[Work instructions] Transcribe each line below verbatim; pictures excluded.

[Raw data]

----------------------------------------

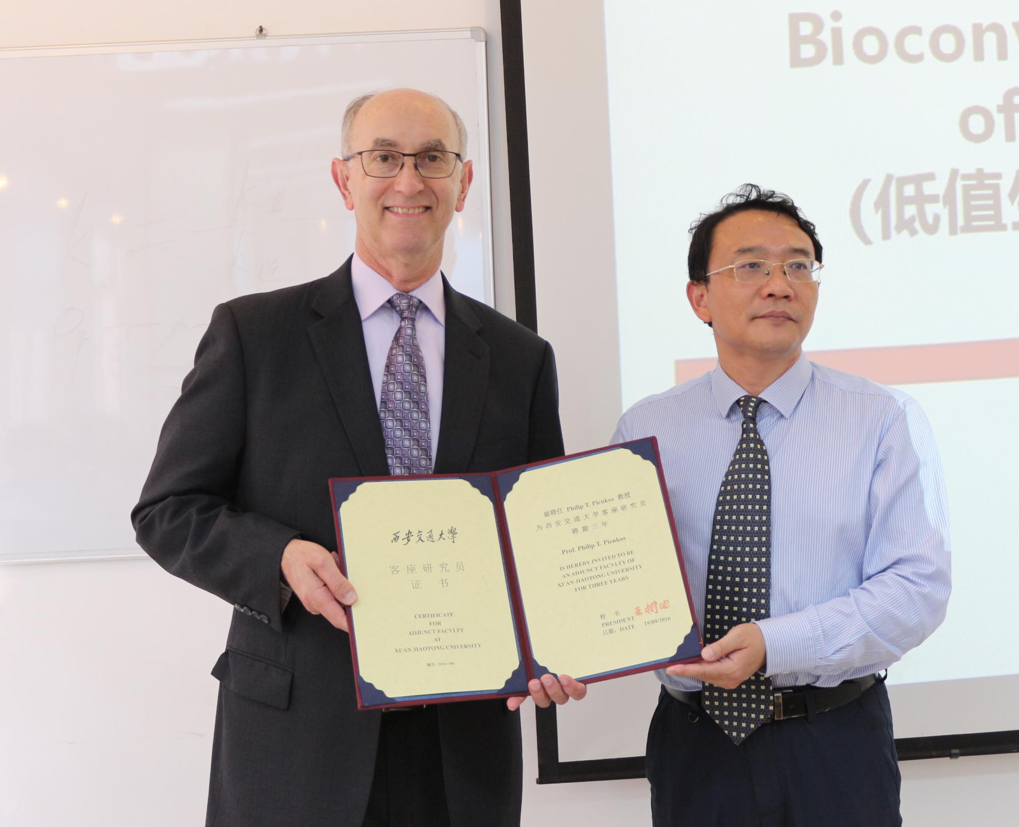 在生物化工学科和生物能源的发展,对相关的前沿进展和培育战略性新兴产业等方面起到积极的促进作用。随后,席光副校长代表学校为Philip Pienkos宣读聘词、颁发聘书并佩戴西安交大校徽。
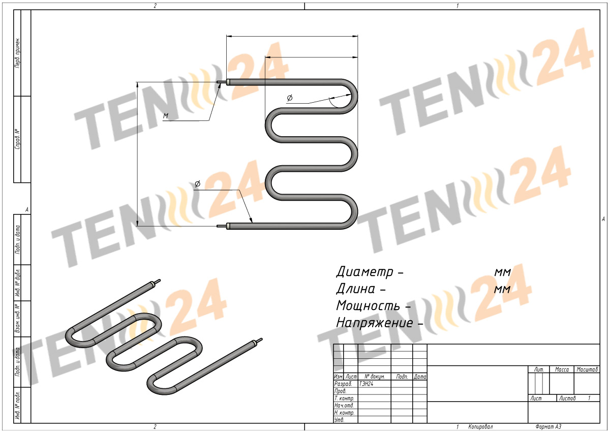 Трубчатые нагреватели ТЭН 24 доступны в стандартных размерах, но преимущественно изготавливаются по индивидуальному заказу в соответствии со спецификациями и чертежами заказчика. Компания ТЭН 24 обладает большим опытом, проектными и производственными мощностями, способными удовлетворить все ваши требования.
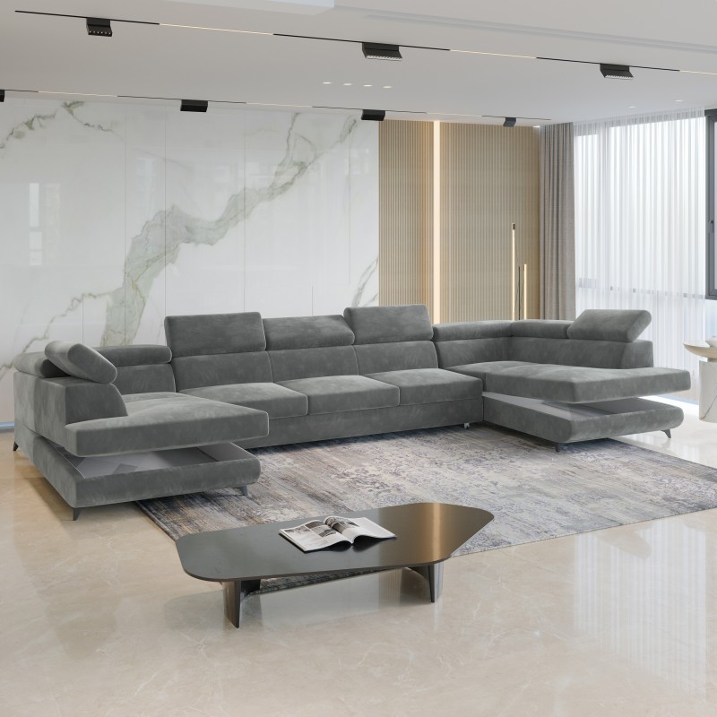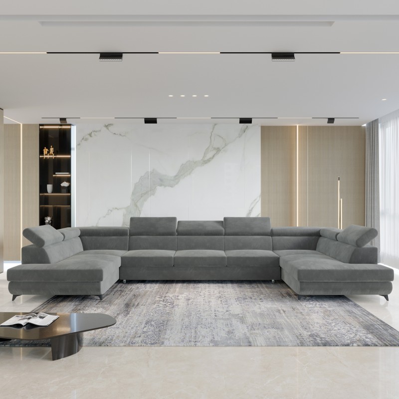 Poznaj narożnik URMANO – stworzony, by stać się sercem Twojego domu. To synonim wygody, funkcjonalności i wyjątkowego designu, który odmieni każde wnętrze. Dzięki przestronnemu kształtowi litery "U" i dużej powierzchni siedzenia, idealnie sprawdzi się zarówno podczas codziennego relaksu, jak i spotkań w gronie najbliższych. URMANO to nowoczesny narożnik do salonu, który łączy luksusowy wygląd ze sprawdzonymi rozwiązaniami dla maksymalnego komfortu.

----------------------------------------

[Task answer]
 在生物化工学科和生物能源的发展,对相关的前沿进展和培育战略性新兴产业等方面起到积极的促进作用。随后,席光副校长代表学校为Philip Pienkos宣读聘词、颁发聘书并佩戴西安交大校徽。
 Трубчатые нагреватели ТЭН 24 доступны в стандартных размерах, но преимущественно изготавливаются по индивидуальному заказу в соответствии со спецификациями и чертежами заказчика. Компания ТЭН 24 обладает большим опытом, проектными и производственными мощностями, способными удовлетворить все ваши требования.
 Poznaj narożnik URMANO – stworzony, by stać się sercem Twojego domu. To synonim wygody, funkcjonalności i wyjątkowego designu, który odmieni każde wnętrze. Dzięki przestronnemu kształtowi litery "U" i dużej powierzchni siedzenia, idealnie sprawdzi się zarówno podczas codziennego relaksu, jak i spotkań w gronie najbliższych. URMANO to nowoczesny narożnik do salonu, który łączy luksusowy wygląd ze sprawdzonymi rozwiązaniami dla maksymalnego komfortu.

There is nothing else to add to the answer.